The choice of t-SVD as an information filter, the use of density-based clustering or even the range and depth of the parameters space exploration, all contribute to this specific result. You can try changing these parameters, for example by running a more detailed search, and see how the hierarchy changes. You’ll see a few rearrangements, maybe more or fewer branches and levels in the tree of clusters, but overall, the shape of the main clusters and their composition won’t be mutated as long as your choices are appropriate for the dataset at hand.

Building a classifier¶

Finally, we can use this hierarchy of classes as a target for a prediction task. raccoon offers an implementation of a fuzzy k-nearest neighbour classifier, it just needs pickle files with the trained UMAP embeddings and consistency between the format of the training and the predicted data.

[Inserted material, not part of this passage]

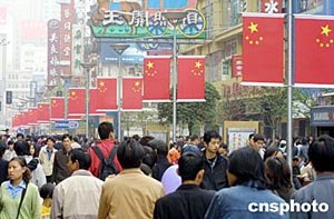 “五一黃金周”的第一天,上海街頭人頭攢動,鮮紅的國旗洋溢著濃濃的節(jié)日氣氛。作者:湯彥俊

Note: if you are using MNIST for this tutorial, make sure to download some extra samples outside of the training dataset.

To run it, we import the kNN class, initialize it by passing the new data to assign, the original training set, its class assignment and path to the folder containing the pickle files. The results will be stored in the membership attribute.

from raccoon.utils.classification import KNN

rcknn=KNN(df_to_predict, df, cluster_membership, refpath=r'./raccoon_data', out_path=r'./')
rcknn.assign_membership()

new_membership = rcknn.membership

The classifier outputs a probability assignment, we impose a .5 cutoff to binarize the results and plot them in the following heatmap.

Here we are comparing the percentage of samples labelled according to a certain digit and where they are assigned in our hierarchy. To simplify we added in square brackets a clarification of their actual digit population content. We limit this comparison to the first levels, for clarity.

The classifier assigns most samples to the expected class, and more than that it can distinguish subclasses within each digit group that we identified deeper in the hierarchy. However, since this classification is based on the unsupervised classes, borderline samples as those shown before will be assigned to the class that is most similar in the pixels space, rather than the labels that came with the dataset. There is value in this, as it allows us to get rid of possible errors or inaccuracies in the labelling. These classes fit closely the shape of the data and can be used as target classes for considerably more accurate classification tools (e.g. neural nets).